100 Tage Krieg: Fast 16 Mio. Ukrainer brauchen Hilfe

Die Bilanz der Vereinten Nationen nach 100 Tagen Krieg gegen die Ukraine ist verheerend. Laut gestern vorgelegten UNO-Zahlen brauchen mindestens 15,7 Millionen Menschen im Land dringend humanitäre Hilfe und Schutz. Fast 14 Millionen sind innerhalb des Landes oder ins Ausland geflohen.

Bisher sind 4.169 verstorbene und 4.982 verletzte Zivilisten von UNO-Fachleuten bestätigt worden. Unter den Toten seien mindestens 268 Kinder, hieß es. Das UNO-Menschenrechtsbüro geht davon aus, dass die tatsächliche Zahl der Opfer beträchtlich höher liegt.

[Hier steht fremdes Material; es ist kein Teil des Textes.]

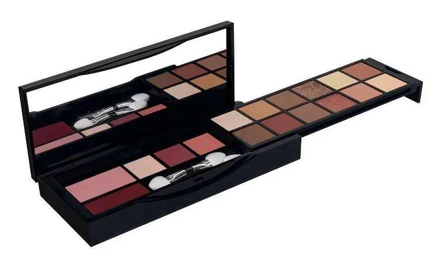 12 оттенков теней; 3 оттенка помады; 2 оттенка румян; 2 аппликатора.

Ein baldiges Ende des Krieges ist unwahrscheinlich. Derzeit verzeichnet Russland Fortschritte auf dem Boden. Auch finanziell profitiert der Kreml derzeit von den kriegsbedingten Entwicklungen. Durch den hohen Ölpreis steigen die russischen Einnahmen durch Energiegeschäfte allein im Juni wohl um rund sechs Milliarden Euro, hieß es aus dem Finanzministerium in Moskau. Das europäische Ölembargo soll erst Ende des Jahres greifen, bis dahin werden fast die gleichen Mengen wie bisher gehandelt, doch zu einem viel höheren Preis.

Russische Angriffe deutlich verstärkt

Die russische Armee verstärkte ihre Angriffe unterdessen erneut deutlich, manche Gebiete stünden praktisch unter Dauerbeschuss durch Raketenartillerie, hieß es. In der Stadt Sjewjerodonezk suchten Hunderte Menschen in einer Chemiefabrik Schutz vor den Kämpfen. Hier gibt es schwere Gefechte, russische Einheiten kontrollieren den Großteil der Stadt. Die ukrainische Seite will das Verwaltungszentrum Sjewjerodonezk auf jeden Fall halten.

Ukrainische Einheiten meldeten Erfolge bei einer Offensive im Süden des Landes in der Region um die Hafenstadt Cherson. Dort sei es gelungen, die russischen Truppen mehrere Kilometer zurückzudrängen, hieß es.

Unterschiedliche Befunde

Der ukrainische Präsident Wolodymyr Selenskyj hatte gestern eine Zwischenbilanz über die Gesamtlage in der Ukraine gezogen. Seinen Angaben zufolge kontrollierten nach 100 Tagen Krieg die russischen Angreifer rund 20 Prozent der Fläche seines Landes.

Der Kreml hingegen sieht „bestimmte“ Ziele als erreicht an. Kreml-Sprecher Dmitri Peskow sagte gestern vor Journalisten, „zahlreiche Orte“ seien durch Russland von „bewaffneten, pronazistischen ukrainischen Kräften“ und „nationalistischen Elementen“ „befreit“ worden. Das habe der Bevölkerung eine Rückkehr zu einem „Leben in Frieden“ ermöglicht.